5/10/2005 3:04:21 PM

--- In tuning-math@yahoogroups.com, "Paul G Hjelmstad"
<paul.hjelmstad@m...> wrote:
> My understanding is that a 7-limit temperament family with one comma
> (say 36/35) is a planar temperament. Per my discussions with the other
> Paul, one can use determinants to find three temperaments that
> determine this plane.

Perhaps you mean "find three generators".
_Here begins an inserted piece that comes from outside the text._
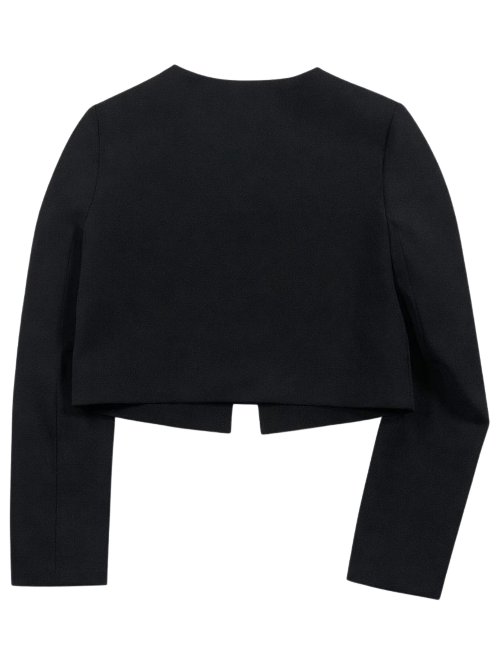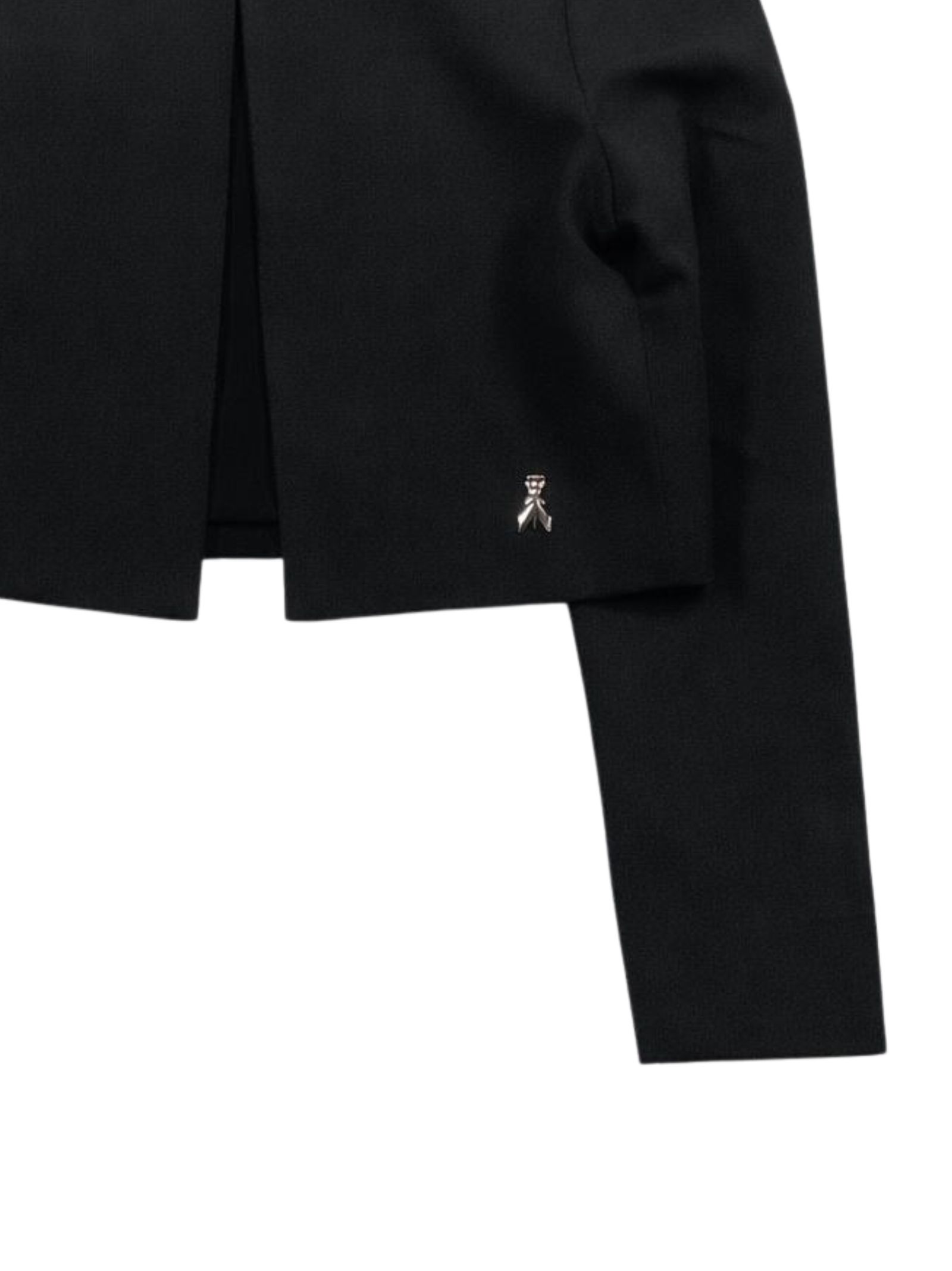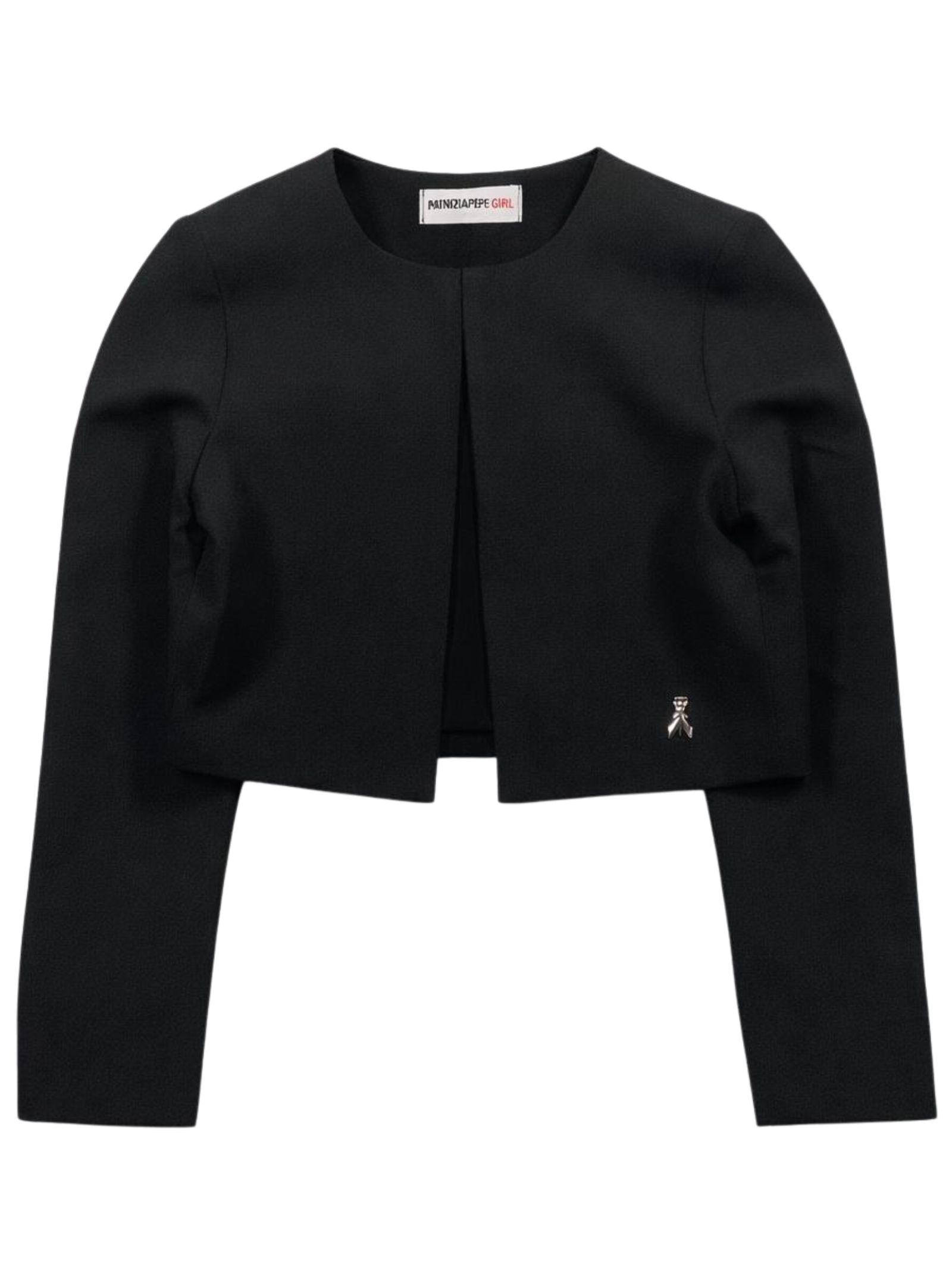 Patrizia Pepe Kids giacca di colore nero, modello corto, girocollo, design con un bottone al collo, applicazione logo in metallo, vestibilità regolare. Composizione: 95% poliestere 5% elastan. Fodera: 100% poliestere. Made in Italy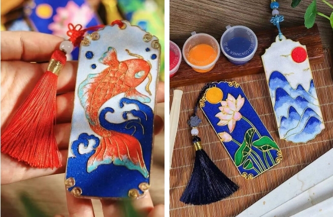 掐絲琺瑯書簽DIY:泛鹢臺提供各式空白書簽,你可以在方寸大小的書簽上描繪色彩,制作一枚承載個人情感與雅致品味的專屬書簽,讓假期記憶變成實用又有意義的小物件。

> (Or perhaps its going from the three
> temperaments, to the comma). Could someone kindly show me the math for
> taking three temperaments,

"taking three generators"

> in the 7-limit, that would generate a single
> comma, or even better, how to take 36/35 and get some temperament
> values.

"and get some generator values".

> I'm also open to learning more about 7-limit linear temperaments with
> two commas or more.
>
> Paul Hjelmstad

🔗Dave Keenan <d.keenan@bigpond.net.au>

5/10/2005 3:37:13 PM

> from this; probably the easiest method to manage is rms, since you
> can
> > use least squares. If Excel can deal with linear programming, you
> can
> > also find minimax readily enough.

One doesn't need linear programming to find minimax. One can get close
enough for all practical purposes by numerically minimising the sum of
a large even power of the errors.

Excel has a general-purpose numerical solver. You use ordinary
formulas to calculate the quantity to be minimised in one cell and you
tell the solver which other cells it is allowed to change, i.e. the
generators, in order to try to minimise this cell.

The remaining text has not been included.